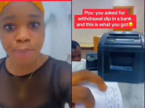 A lady has taken to Tiktok to reveal the note she allegedly received from a bank staff after asking him for a withdrawal slip.
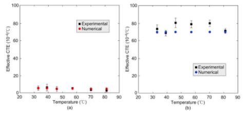 图 7 有效CTE复合平面晶格结构测试温度的实验和数值结果:(a)采用CCF/PA中心交叉晶格组件和4个SCF/PA外带组件,(b)采用SCF/PA中心交叉晶格组件和4个SCF/PA外带组件。
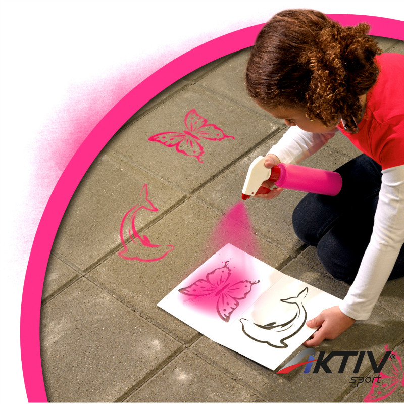 Kréta spray - pink színben. Pink színű aszfalt kréta spray, többféle sablonnal. Tökéletes permetező fejjel. Könnyen tisztítható vízzel és kefével.
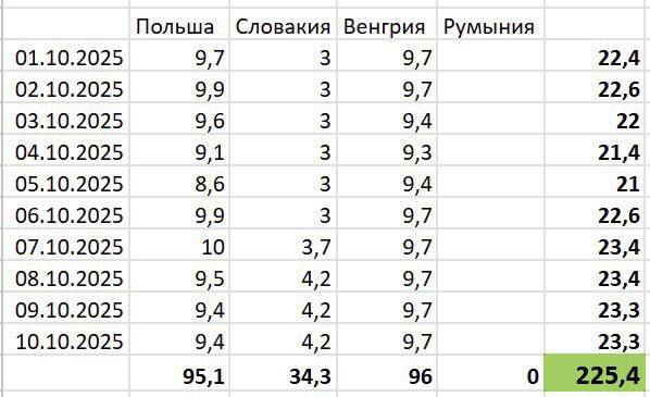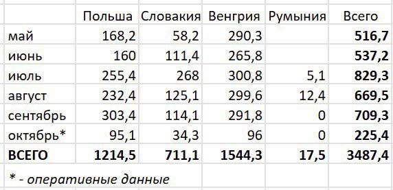 Если за август-сентябрь в Украину поступило 670-710 миллионов кубометров, то в первой декаде октября импорт составил 225 миллионов кубометров, то есть месячный показатель составит 695-710 миллионов кубометров.
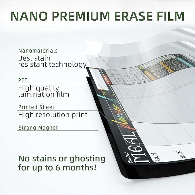 - Erases easily - We use nano premium erase film on our products. Compared to the old PET film, the nano material will make your writings super easy to be wiped off even after you leave the writings on the calendar for a long time.
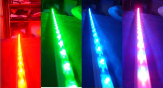 Auf dem Bild sieht man auch noch das RGB Steuergerät welches jeden Kanal in 8 Bit Auflösung dimmen kann (max. 2.5 A Last pro Kanal). Es verfügt auch über einen Infrarot Empfänger, so dass ich per Universalfernbedienung verschiedene Farbabläufe wählen kann. Es ist mit der Fernbedienung auch möglich, jeden Kanal mit 3 Bit Auflösung einzustellen. Ich gebe jetzt den genauen Typ der beiden Geräte nicht an, will ja schliesslich keine Werbung machen, wer sie finden will, wird sie finden.
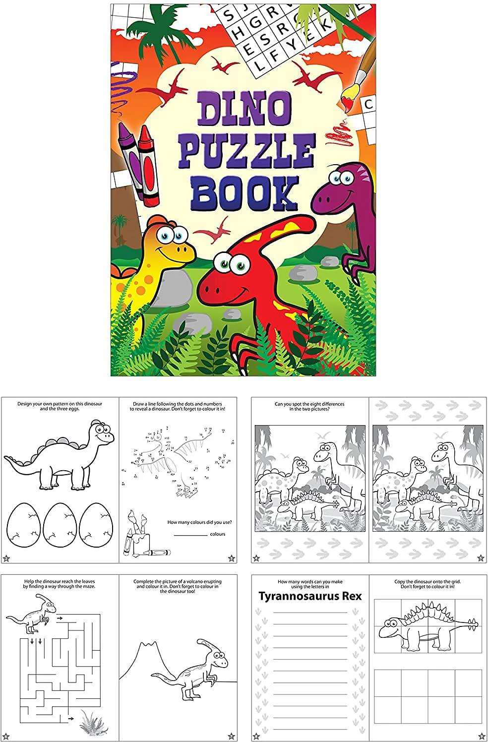 - 12 Dinosaur themed Fun Puzzle Activity Colouring Books. Each book contains 8 pages (16 sides) & the dimensions are 145 x 102mm. Each book contains 16 activities.

WHAT THE TASK ASKS —
Without copying any picture, repeat all of the entries exactly.

RESULT FOR THIS EXERCISE —
 A lady has taken to Tiktok to reveal the note she allegedly received from a bank staff after asking him for a withdrawal slip.
 图 7 有效CTE复合平面晶格结构测试温度的实验和数值结果:(a)采用CCF/PA中心交叉晶格组件和4个SCF/PA外带组件,(b)采用SCF/PA中心交叉晶格组件和4个SCF/PA外带组件。
 Kréta spray - pink színben. Pink színű aszfalt kréta spray, többféle sablonnal. Tökéletes permetező fejjel. Könnyen tisztítható vízzel és kefével.
 Если за август-сентябрь в Украину поступило 670-710 миллионов кубометров, то в первой декаде октября импорт составил 225 миллионов кубометров, то есть месячный показатель составит 695-710 миллионов кубометров.
 - Erases easily - We use nano premium erase film on our products. Compared to the old PET film, the nano material will make your writings super easy to be wiped off even after you leave the writings on the calendar for a long time.
 Auf dem Bild sieht man auch noch das RGB Steuergerät welches jeden Kanal in 8 Bit Auflösung dimmen kann (max. 2.5 A Last pro Kanal). Es verfügt auch über einen Infrarot Empfänger, so dass ich per Universalfernbedienung verschiedene Farbabläufe wählen kann. Es ist mit der Fernbedienung auch möglich, jeden Kanal mit 3 Bit Auflösung einzustellen. Ich gebe jetzt den genauen Typ der beiden Geräte nicht an, will ja schliesslich keine Werbung machen, wer sie finden will, wird sie finden.
 - 12 Dinosaur themed Fun Puzzle Activity Colouring Books. Each book contains 8 pages (16 sides) & the dimensions are 145 x 102mm. Each book contains 16 activities.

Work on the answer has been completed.